Szkolna Gazeta Internetowa Liceum Ogolnoksztalcacego im. Mikolaja Kopernika w Tarnobrzegu

Niech żyje bal!   

Dodano 2008-01-14, w dziale relacje - archiwum

Trzecie klasy mówią o niej od początku roku szkolnego. Dziewczyny snują plany co do sukienek i fryzur, a dyrektor martwi się czy wytrzyma ją sala gimnastyczna… Studniówka. W tym roku miała ona miejsce 12 stycznia. Działo się, oj działo. Czas więc już na, wciąż pachnącą gumą z balonów, relację.

9 stycznia

Zaczyna się. Klasy trzecie wywlekają na korytarze tony szarego papieru, farb i rozpoczynają tworzenie dekoracji. Każdy ma inny pomysł (nawet jeśli teoretycznie taki sam…), współpraca bywa trudna, ale obywa się bez wojen. Powietrze pachnie klejem (niektórym bardzo to pasowało), farbami i spray'ami. Mocna mieszanka.

10 stycznia

Klasy powoli wkraczają do swoich sal, reszta (ci z przydzielonymi korytarzami) nadal blokują ciągi komunikacyjne tj. korytarze. Na plakatach zaczynają pojawiać się bardziej precyzyjne kształty, postacie, krajobrazy. Robi się coraz bardziej kolorowo. Brak materiałów zmusza uczniów do „wycieczek na miasto”, składek wewnątrzklasowych i nerwów. Jakimś cudem, kolejny długi dzień dekorowania szkoły kończy się spokojnie.

11 stycznia

Ostatnie poprawki, dmuchanie balonów, ustawianie krzeseł i ławek. Dziewczyny w trakcie gorączki kosmetyczno-fryzjersko-sukienkowej. Wszyscy chcą jak najwcześniej opuścić szkołę i zająć się sobą, w końcu jutro wielki dzień. Jednak wcześniej wieczorna próba poloneza. Trochę nerwowo, trochę niespokojnie i z wpadkami, ale to takie symboliczne – na szczęście.

12 stycznia!!!

Studniówka. Chłopcy śpią długo, dziewczyny zajmują się babskimi rozrywkami - fryzjer, kosmetyczka i takie tam. Dzień mija szybko.

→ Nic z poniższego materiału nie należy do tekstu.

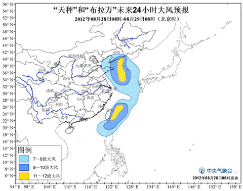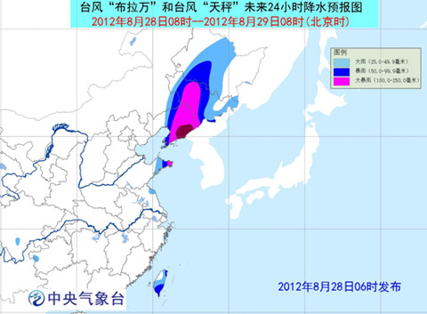 受“布拉万”和“天秤”影响,28日08时到29日08时,渤海、渤海海峡、黄海大部海域、东海南部和东部海域、台湾以东洋面、巴士海峡、巴林塘海峡、南海东北部海域、台湾沿海、江苏沿海、山东东部及沿海、辽宁沿海将有7-10级大风,部分海域有11-12级大风,“布拉万”和“天秤”中心经过的附近海域风力可达11-13级,阵风可达14-15级;山东半岛、辽宁大部、吉林、黑龙江中部、台湾等地有大到暴雨,其中,辽宁中东部、吉林中部、山东半岛东部的部分地区有大暴雨,辽宁东部局部地区有特大暴雨(250~300毫米)。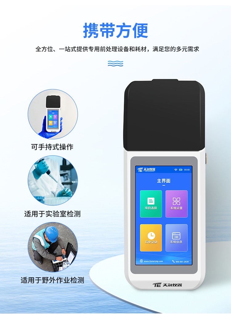 操作便捷性与环境适应性是其突出优势。5寸高清彩色触摸屏直接显示浓度值与吸光度,内置标准化操作步骤指引,新手也能快速上手。仪器支持25mm/16mm比色管检测,内置工作曲线可直接调用,配备标准溶液即可完成快速测定,曲线修正功能还能满足个性化检测需求。在-0℃至50℃环境下均能稳定运行,交直流双供电设计适配实验室与野外检测。

O 18.30 uczniowie zaczynają pojawiać się w szkole, która wygląda przepięknie i zupełnie inaczej niż na co dzień. Miła odmiana. Zresztą dziś nikt nie wygląda jak zawsze. Przy wejściu „ochrona” zabiera zaproszenia i informuje nas, że z powrotem dostaniemy je później (kiedy? Nie wiem, nikt zwrotu nie otrzymał). Szatnia i juz każdy może podziwiać suknie, koszule i garnitury. Chociaż, nie oszukujmy się, to sukienki wzbudzały najwięcej emocji. Każdy skanował wzrokiem każdego (szczególnie to zajęcie upodobały sobie panie), oceniał i po cichu komentował. Jak zawsze.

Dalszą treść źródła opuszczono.